I’m thankful for my two amazingly beautiful little boys.
I’m thankful for so many blessings that remind me that the tough shit is all worth and that there is always a reason to keep fighting.
Sunday, June 1st, 2014
12 days since my last Thankfulness post… sorry… I’m struggling with staying on top of this because our family has struggled through much of the past few weeks with emotional crap related to all different types of stuff. But being thankful is probably most important when we’re feeling like crap, right?
Remembering things we’re thankful for helps put things in perspective.
For example, when our friend passed away recently at only 34 years old, I realized how thankful I was for my health and, even moreso, for solid people in my life to lean on. Without being able to lean on each other, these tragedies are much, much harder to take.
I’ve been annoyed about many different issues, angry at several different people, and tired of many things going on around me… but I’m here, I have two beautiful kids, I have an awesome wife, and I have tons of other family and friends that matter much more than the people, places, and things that are pissing me off.

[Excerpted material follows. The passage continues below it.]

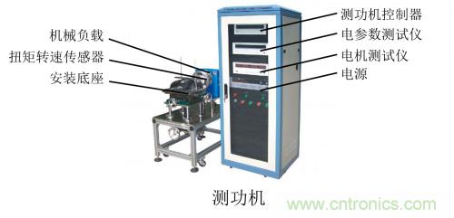 測功機的構造很簡單,由一個機柜和測試臺架組成,其中測試臺架又常稱作測功頭,一般是指扭矩轉速傳感器和制動器做成一體的款式。測試臺架包括安裝底座、扭矩轉速傳感器、機械負載(制動器),用于電機試驗時的力矩加載,模擬電機的不同工況;機柜包括電參數(shù)測試儀、電機測試儀、測功機控制器、電源等,用于對系統(tǒng)的驅(qū)動和對電機的測試。

Not to mention, I have a roof over my head, a great landlord, a decent playing job, and means to support my family and then some.
Being thankful is a great practice for keeping things in perspective. Being thankful can get us through the day.
Tuesday, May 6th, 2014
Yesterday and today, I’ve been preoccupied with a situation. Essentially, I’m waiting to hear some news… I think it should be great news but I’m trying to tamper my expectations, just in case.

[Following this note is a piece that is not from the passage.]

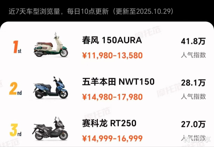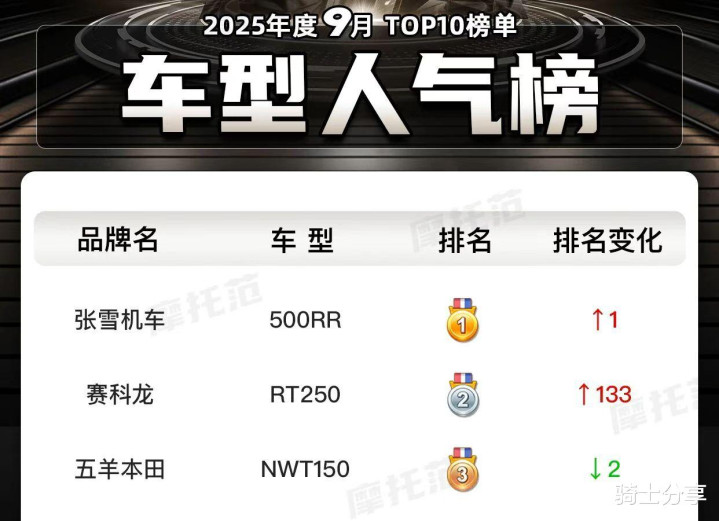 从“摩托范”最新数据来看,2025年9月份全种类车型高人气排名前三的车型分别是张雪500RR、赛科龙RT250、五羊本田NWT150。其中排名第二的赛科龙RT250人气出现了几何倍的增长,10月份直接成为了250cc人气王者,实属有点意外。

With that, I’m thankful for the prayers of my friends, the support of my family, and the distractions my kids provide from my annoying anxiety.
Today, I’m also thankful for the gorgeous weather, which will provide the perfect backdrop for a nice run/walk today.
Thursday, March 20th, 2014
These past two days, I’ve been thankful that I feel better each day.
Yesterday, I was thankful to have an early night where I got to snuggle in bed with my wife and watch a movie.
Today, I am thankful for a touching moment with my 3 year old where he made me bow my head and pray before putting him to bed. His prayer: “Tank you for Tashman (his brother Cash who he calls Cashman), Momma, and Daddy… Ayyyyyy-Men!”
Saturday, February 22nd, 2014
Today, I’m thankful that I’m able to lounge around this morning with my kiddos and my dogs. And I’m thankful that my breakfast turned out so awesome.
Sunday, January 19th, 2014
Today, I’m thankful I got to join in the fun at the PRDR end of the year party/dance/whatever. I wasn’t planning on attending, but my dad encouraged me to go and he stayed home with my boys (who were already asleep when I headed out). It was a nice way to spend time with my favorite gals in the world, including my most favorite gal.
Today, I’m also thankful for having a great relationship with my Dad. We weren’t always close, but over the last decade of my life, our relationship has grown and I’m very thankful to have him in my life.
And, finally, today, I am thankful for help from family and friends in dealing with my sons when I want to throw them out of a window. Being able to walk away for a few minutes really, really, really helps.
Friday, January 3rd, 2014
Today, I am thankful that the snow gave me an excuse to spend the day watching movies with my adorable kiddos and my lovely wife.
Today, I am also thankful for DayQuil and Ibuprofen.